I am very proud of my husband, proud that he’s pastoring this group of people- but do not define me by who he is. I am my own person, I have been working in ministry for five years before we were married and I’d still be doing so if we weren’t married. Prior to marriage, when we started The Bridge together, would anyone have thought to ask, “what are your days like as the girlfriend of the pastor?” I care for my husband the same as any other wife would, and I don’t do it differently because he’s a pastor- I’d love and encourage him and serve him just the same if he were a mechanic or had a newspaper delivery round. Sure, life is different because of the work we’re involved in, but just because I’m a woman do not assume that I play a certain role, much like the First Lady in a man’s Presidency.

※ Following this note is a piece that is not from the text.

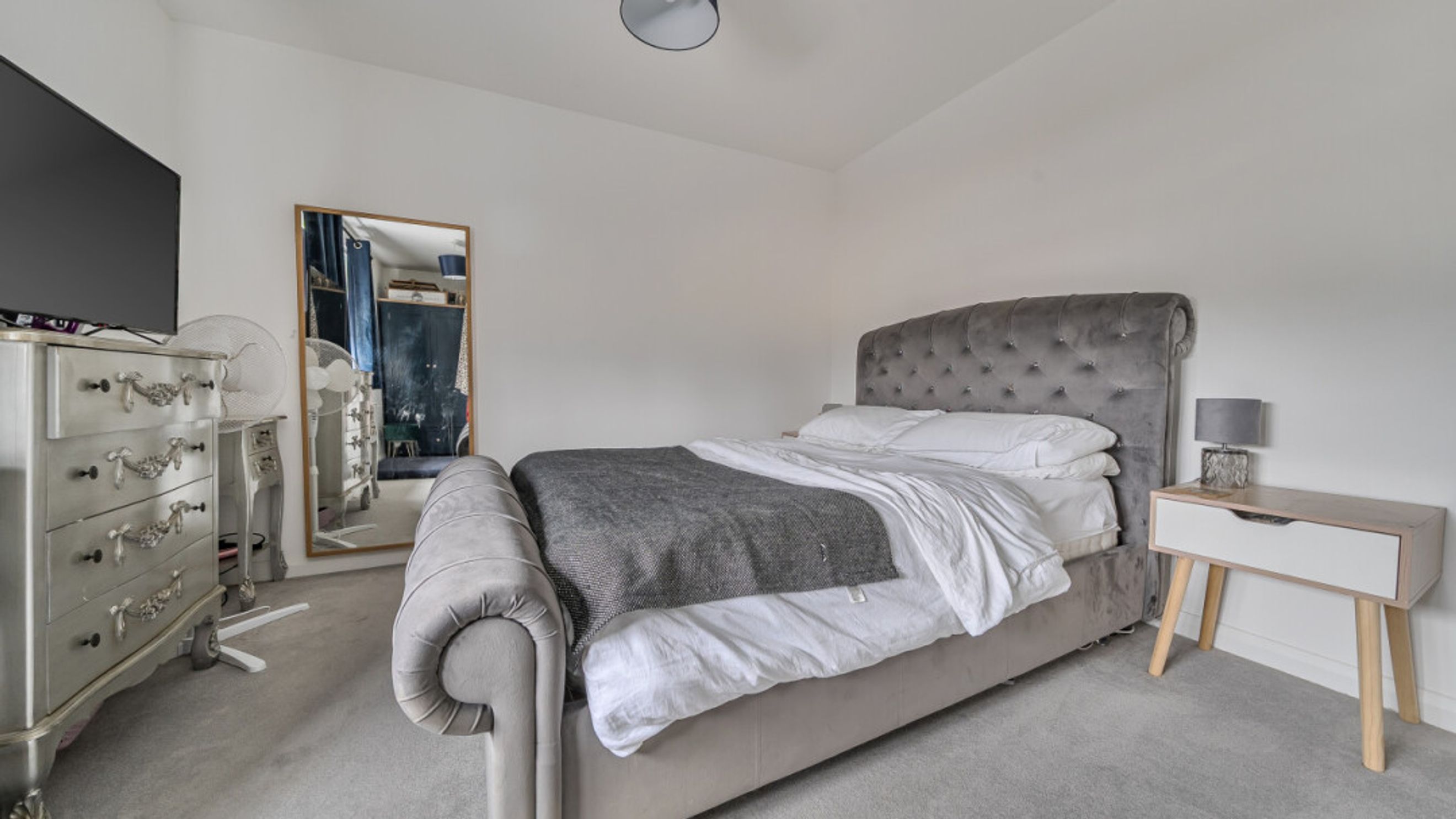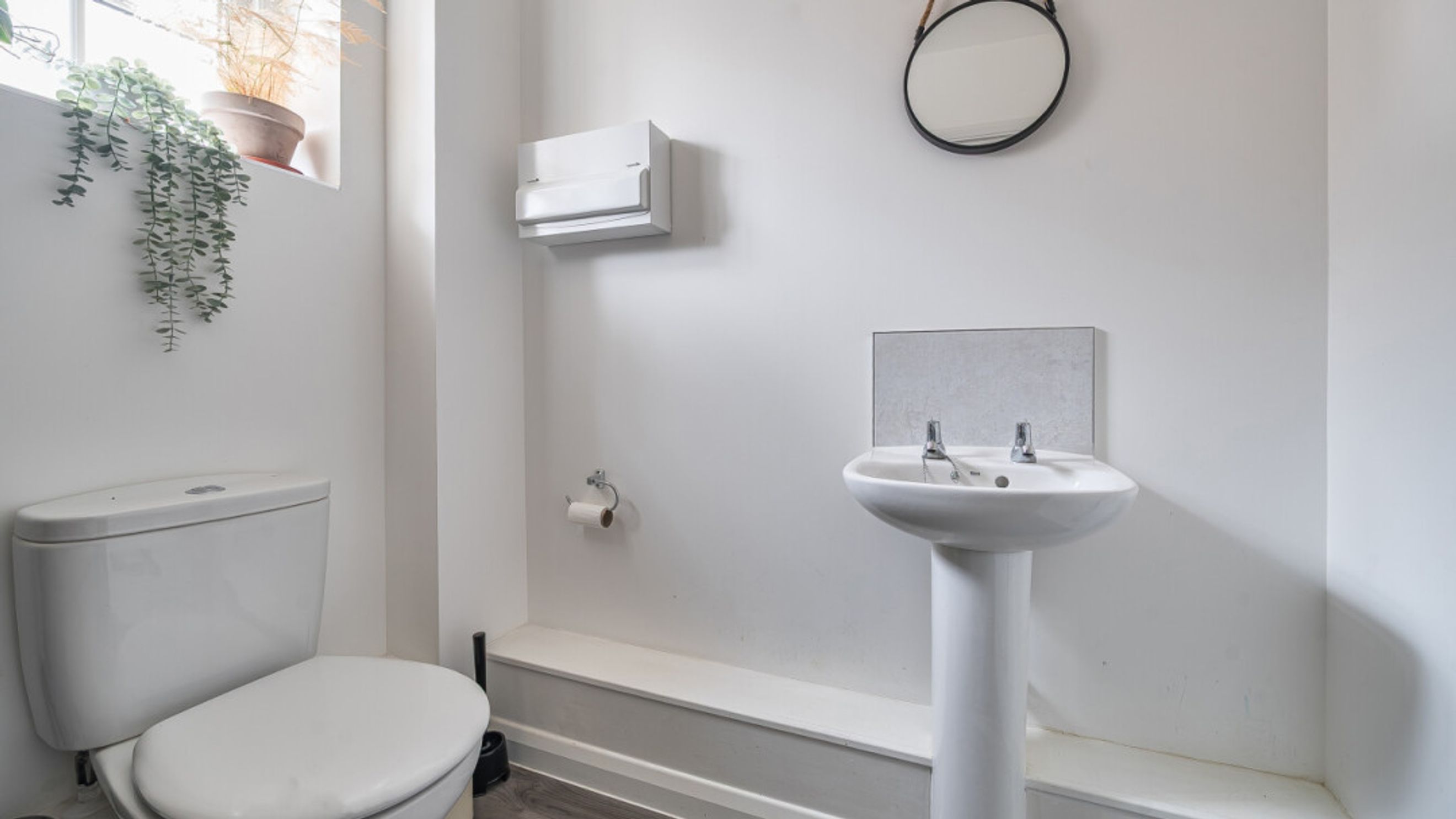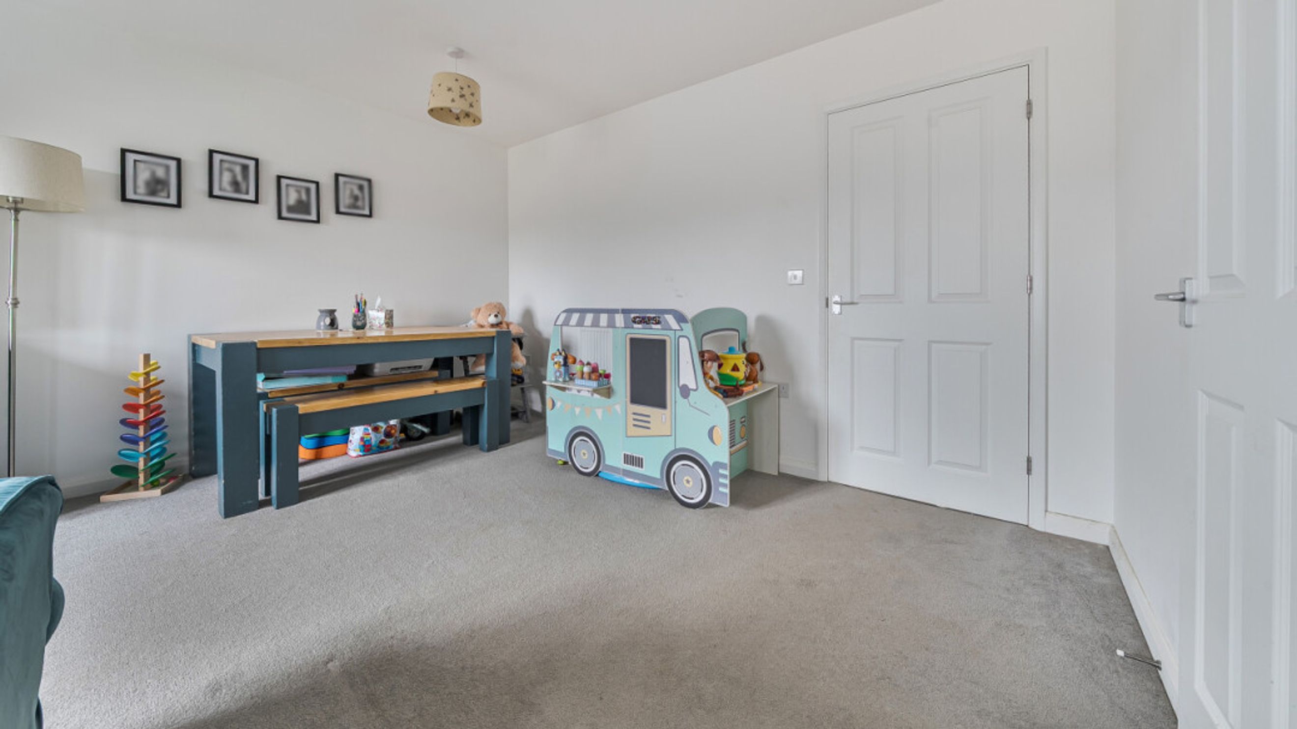 Upstairs, there are two well-proportioned bedrooms, including a particularly spacious principal bedroom, plus a family bathroom. The layout makes the second bedroom ideal for a child's room, guests or a home office.

To be honest, this question belittles me. I am not primarily a woman and certainly not primarily the wife of a pastor. I am primarily a human created in God’s image and his servant. Equal with my husband in EVERY way, including my calling. So if you’d like to know what an average day looks like for me, ask but don’t taint it with sexist assumptions or gender roles.
I could go on to rant about a lot of things people assume right now, but I’ll keep it at that for now lest I become a sourpuss.